▶ [Exercise brief]:
Among the records below, find the line with "シティホテルで気取ってクリス" and the line with "La colle epoxy". Set down both and every line between, exactly and with no pictures, but nothing else.

▶ [Records supplied]:
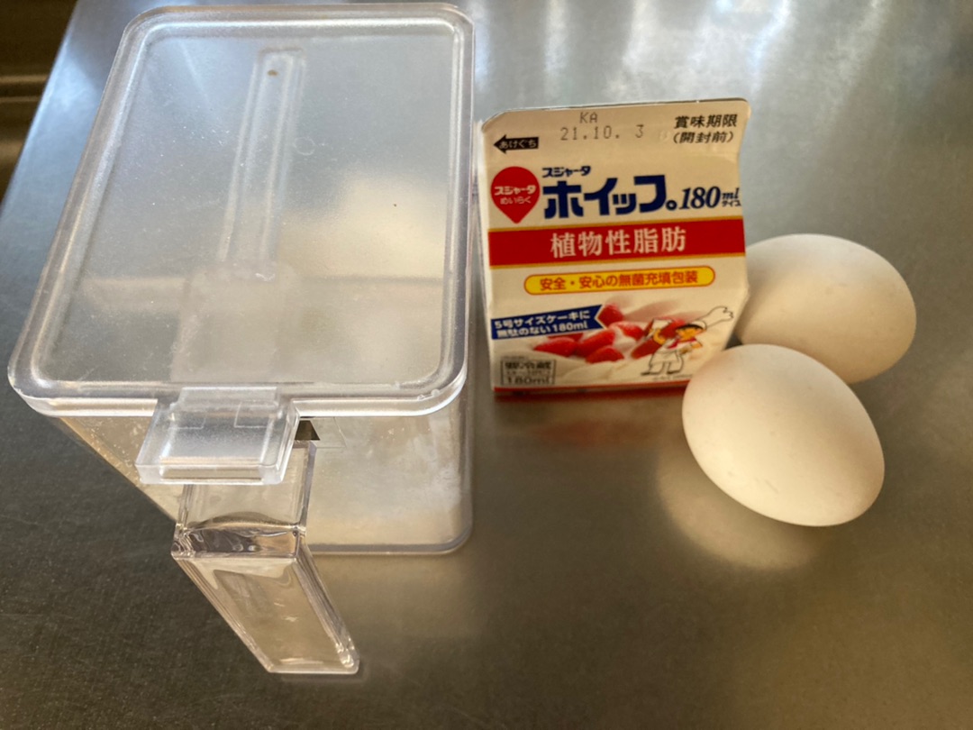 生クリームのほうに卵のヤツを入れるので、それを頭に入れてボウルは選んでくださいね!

...

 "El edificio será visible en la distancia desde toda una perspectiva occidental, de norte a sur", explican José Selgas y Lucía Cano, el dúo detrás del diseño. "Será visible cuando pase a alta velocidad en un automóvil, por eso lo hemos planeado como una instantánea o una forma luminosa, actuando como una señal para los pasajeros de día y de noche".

* * *

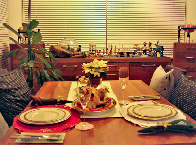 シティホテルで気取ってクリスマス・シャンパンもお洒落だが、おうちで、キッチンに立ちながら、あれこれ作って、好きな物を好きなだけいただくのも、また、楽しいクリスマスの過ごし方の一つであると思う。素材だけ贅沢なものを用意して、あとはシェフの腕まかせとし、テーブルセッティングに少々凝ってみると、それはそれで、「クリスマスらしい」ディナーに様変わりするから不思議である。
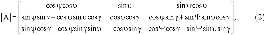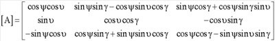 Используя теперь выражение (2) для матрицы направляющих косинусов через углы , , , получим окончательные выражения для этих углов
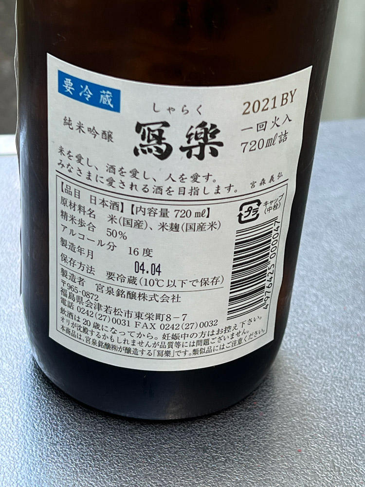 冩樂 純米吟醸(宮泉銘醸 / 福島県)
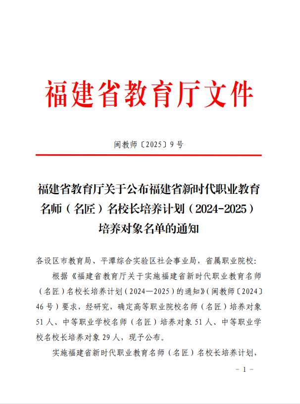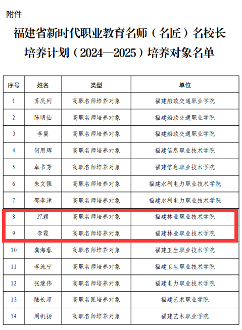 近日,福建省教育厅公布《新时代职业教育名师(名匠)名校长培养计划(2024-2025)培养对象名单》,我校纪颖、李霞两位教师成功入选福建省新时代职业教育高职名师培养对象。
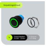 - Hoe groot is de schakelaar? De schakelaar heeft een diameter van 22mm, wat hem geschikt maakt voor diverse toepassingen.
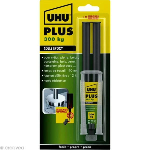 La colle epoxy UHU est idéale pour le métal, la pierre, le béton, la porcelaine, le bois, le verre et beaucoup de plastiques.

▶ [Output for this task]:
 シティホテルで気取ってクリスマス・シャンパンもお洒落だが、おうちで、キッチンに立ちながら、あれこれ作って、好きな物を好きなだけいただくのも、また、楽しいクリスマスの過ごし方の一つであると思う。素材だけ贅沢なものを用意して、あとはシェフの腕まかせとし、テーブルセッティングに少々凝ってみると、それはそれで、「クリスマスらしい」ディナーに様変わりするから不思議である。
 Используя теперь выражение (2) для матрицы направляющих косинусов через углы , , , получим окончательные выражения для этих углов
 冩樂 純米吟醸(宮泉銘醸 / 福島県)
 近日,福建省教育厅公布《新时代职业教育名师(名匠)名校长培养计划(2024-2025)培养对象名单》,我校纪颖、李霞两位教师成功入选福建省新时代职业教育高职名师培养对象。
 - Hoe groot is de schakelaar? De schakelaar heeft een diameter van 22mm, wat hem geschikt maakt voor diverse toepassingen.
 La colle epoxy UHU est idéale pour le métal, la pierre, le béton, la porcelaine, le bois, le verre et beaucoup de plastiques.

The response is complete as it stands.